She didn’t say anything back, but he could hear her making mouth noises against the phone. He was curious by the puzzling voice in his ear but also hardly listening–it was too hot and early to be answering her questions. It reminded him of a time when he also wanted to taste everything in sight. Her untamed voice brought him back to the call.

“Hey old man, where do the stars sleep?”

“Under the sky’s blanket,” he firmly replied.

“Then… where does the sky sleep?” she pressed.

“In the clouds,” he riposted, with a big yawn coming over his face.

“Well then, what does my arm taste like?”
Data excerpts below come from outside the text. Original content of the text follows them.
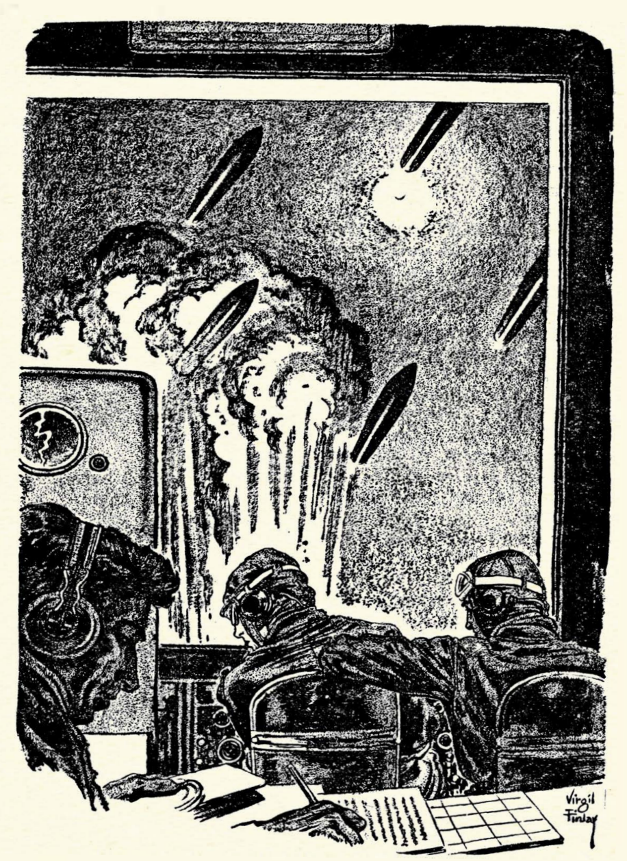
At last the long awaited formation appeared on the screen.
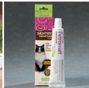
Sentry Hairball Relief & Petromalt Petroleum-Free Hairball Relief
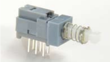
SPA -120L(N) -22

0.1A 30V DC, 6 pin Pin Pitch: 2.5mm L= Lock N= Non Lock
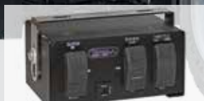
3010390 Controller for gas powered spreaders
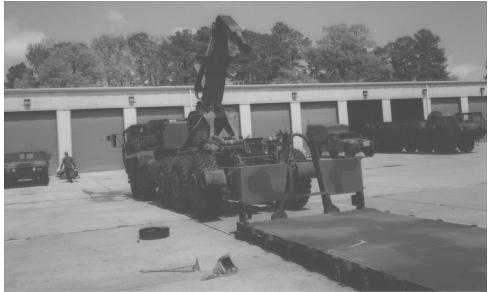
Figure I.5: Palletized Load System
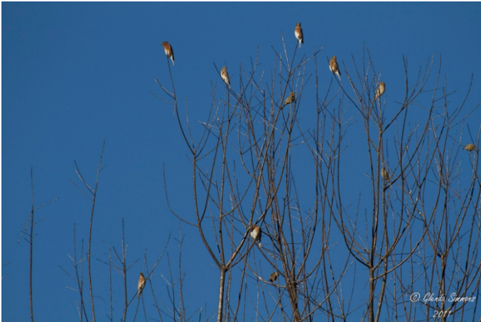
Six Bluebirds and their Buddies
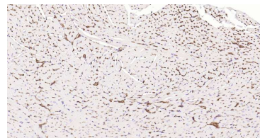
Immunohistochemical analysis of paraffin embedded mouse heart tissue slide using IHC0255 (AQP1 IHC Kit).
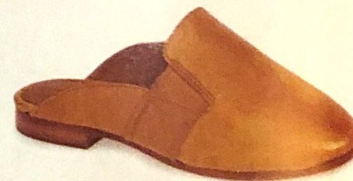
LOAFER MULES Frye, 284 Newbury St., Boston
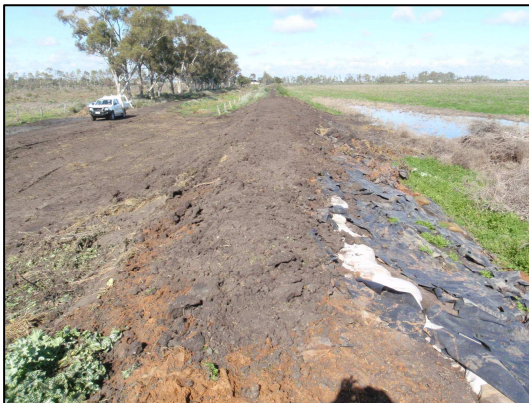
Figure 6: Lake Boga floodway requiring repair post floods (August 2011)
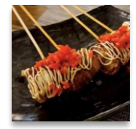
Pork Belly Roll Yakisoba
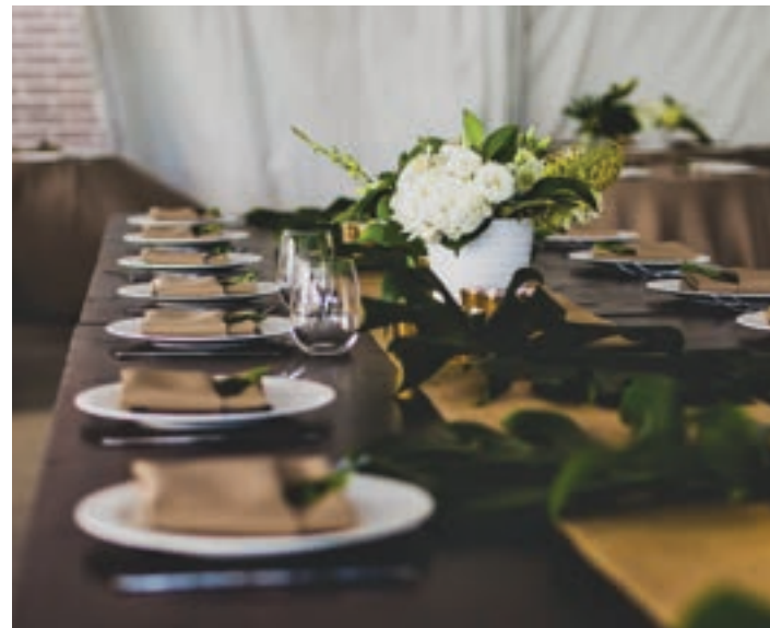
Ryan Zarichnak Photography

Before he could answer, her voice faded into a murmur and wandered out the room. Frank’s eyes started drooping, and his head crumbled into the desk. Sweat from his right arm clung to his skin and drizzled down to his wrist, where it finally hit his mouth. The salt hit him like a slap in the face.

He ended the call shortly after, left in a confused state. But at least he knew what an arm tasted like.

O.D.
272 words.

Filling the Bedroom Morning Void

Oscar Depp

A Short Story

Beep Beep. Fifty-Five Tickity-Tock. Beep Beep. Fifty-Six Tickity Tock.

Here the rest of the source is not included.